**YOUR INSTRUCTIONS**
Starting at the first line of the records and stopping at the line that contains "화재 당시 공장 주변에는 시커먼 연기가 치솟아 인근 주민 불안이 이어졌다.", transcribe every line exactly and leave out the pictures.
======== SUPPLIED INFORMATION ========
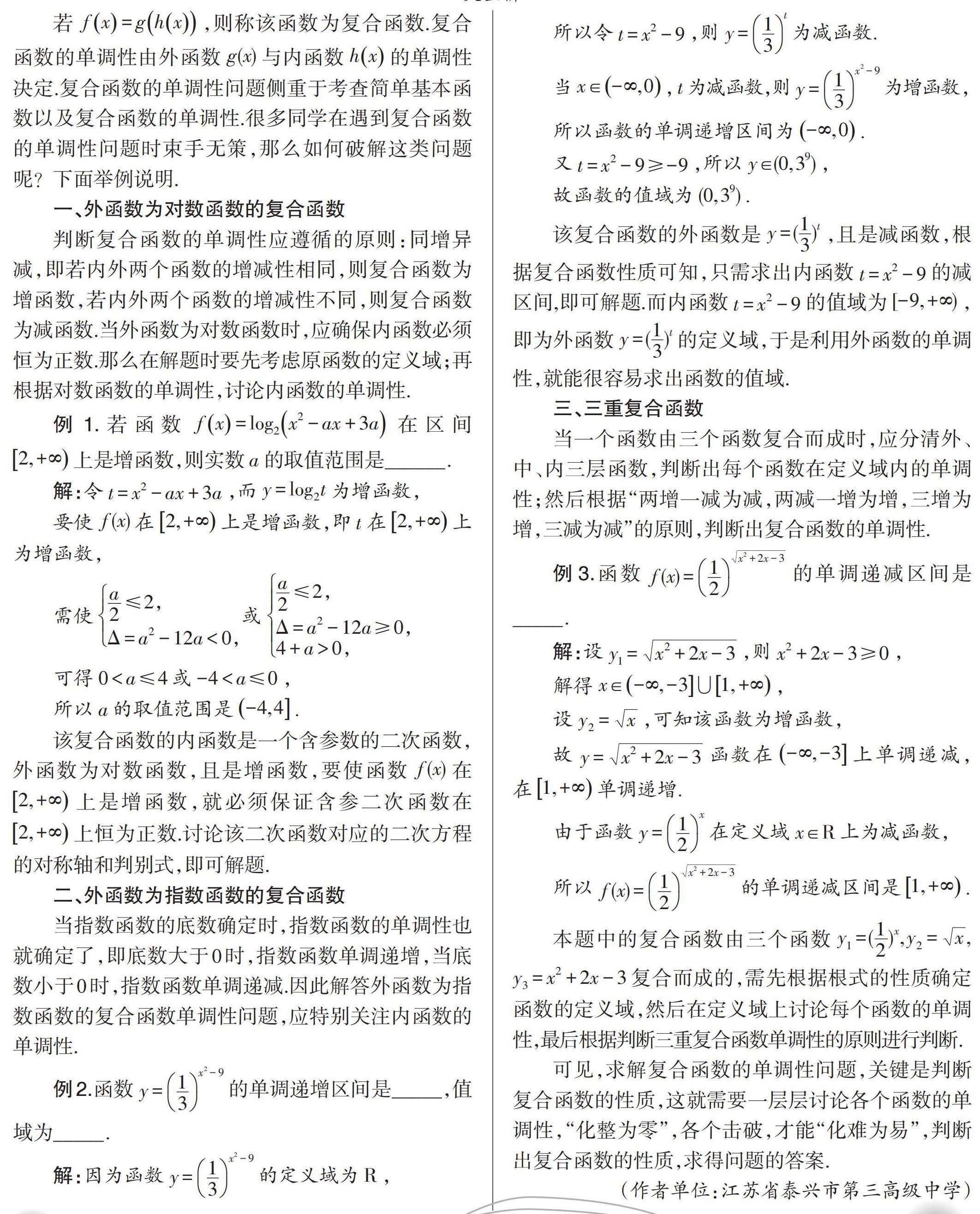 若 f (x)=g (h (x) ),则称该函数为复合函数.复合函数的单调性由外函数 g(x) 与内函数 h (x) 的单调性决定.复合函数的单调性问题侧重于考查简单基本函数以及复合函数的单调性.很多同学在遇到复合函数的单调性问题时束手无策,那么如何破解这类问题呢?下面举例说明.
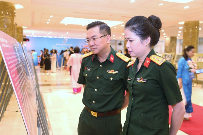 Các đại biểu tham quan triển lãm về “Cuộc đời và sự nghiệp của người Lãnh đạo Hội xuất sắc, Nữ tướng đầu tiên của Quân đội Nhân dân Việt Nam, Anh hùng Lực lượng vũ trang Nhân dân – Nguyễn Thị Định”
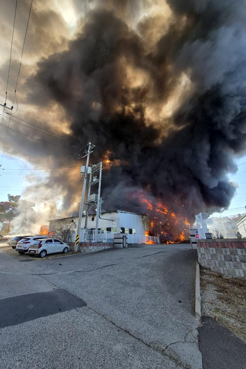 화재 당시 공장 주변에는 시커먼 연기가 치솟아 인근 주민 불안이 이어졌다.
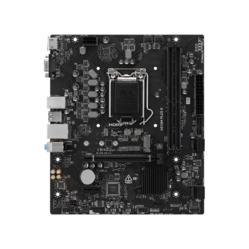 The MSI H510M PLUS II Motherboard is a dependable and cost-effective alternative for building a compact yet powerful desktop computer, providing the key capabilities required for smooth gaming, productivity, and everyday use. It is powered by the Intel H510 chipset and supports 10th and 11th-generation Intel Core processors, as well as Pentium Gold and Celeron CPUs, allowing consumers flexibility across various system designs. Memory compatibility includes two DDR4 slots with dual-channel capabilities, allowing for a maximum capacity of 64GB. Depending on the CPU installed, the MSI H510M PLUS II Motherboard supports speeds of up to 2933MHz for Intel Core i9 and Core i7 processors and up to 2666MHz for Core i5, Core i3, Pentium Gold, and Celeron CPUs, with Intel Extreme Memory Profile (XMP) support for easy overclocking. Onboard graphics include HDMI 1.4, which supports 4K resolution at 30Hz, and a VGA output with resolutions up to 2048x1536, though availability varies depending on the CPU used. For expansion, the board has one PCIe 3.0 x16 slot for a dedicated graphics card and one PCIe 3.0 x1 slot for other devices. Storage is handled by a fast M.2 slot that supports PCIe 3.0 x4 and SATA modes, as well as four SATA 6Gb/s connectors. The MSI H510M PLUS II Motherboard supports both SSDs and traditional hard drives. The audio system uses the Realtek ALC897 codec to provide 7.1-channel high-definition sound, which improves entertainment and gaming experiences. Connectivity is practical, with four USB 2.0 connections on the back and four on the front, as well as two USB 3.2 Gen1 Type-A connectors on both the front and back for fast transfers. MSI H510M PLUS II Motherboard's networking is powered by Realtek 8111H Gigabit LAN for reliable wired connectivity. Additional internal I/O includes CPU and system fan headers, RGB lighting, chassis intrusion detection, COM port, TPM 2.0, and front audio. EZ Debug LEDs are a useful feature that makes troubleshooting easier. The MSI H510M PLUS II, with a tiny micro-ATX form factor of 202mm x 236mm, is compatible with Windows 10 and Windows 11, making it a reliable motherboard that balances performance, expandability, and value for budget-conscious consumers.
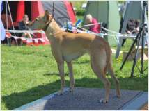 In diesem Jahr fand die Jahresausstellung der mediterranen Rassen auf der Windhundrennbahn in Greppin statt. Bei einer Meldezahl von 28 Hunden waren, mit Ausnahme des Podengo Portugues, alle Rassen der vom DWRV betreuten Rassen der Gruppe 5 vertreten. Der sympathische und humorvolle Zuchtrichter Jan Coppens aus den Niederlanden nahm die Bewertung der ausgestellten Hunde mit großer Sorgfalt und viel Einfühlungsvermögen vor und offenbarte großes Interesse und Sachkenntnis auch beim Kritikos Lagonikos. Er ließ es sich im Ehrenring nicht nehmen, das Publikum über die Herkunft und die Besonderheiten dieser Rasse zu infomieren.
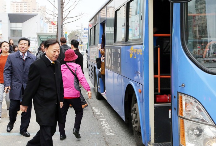 ▲설동호 대전시교육감은 8일 오전 기관장 시내버스 출근 릴레이 캠페인에 동참하기 위해 버스에 승차하고 있다. |
========
**OUTPUT**
 若 f (x)=g (h (x) ),则称该函数为复合函数.复合函数的单调性由外函数 g(x) 与内函数 h (x) 的单调性决定.复合函数的单调性问题侧重于考查简单基本函数以及复合函数的单调性.很多同学在遇到复合函数的单调性问题时束手无策,那么如何破解这类问题呢?下面举例说明.
 Các đại biểu tham quan triển lãm về “Cuộc đời và sự nghiệp của người Lãnh đạo Hội xuất sắc, Nữ tướng đầu tiên của Quân đội Nhân dân Việt Nam, Anh hùng Lực lượng vũ trang Nhân dân – Nguyễn Thị Định”
 화재 당시 공장 주변에는 시커먼 연기가 치솟아 인근 주민 불안이 이어졌다.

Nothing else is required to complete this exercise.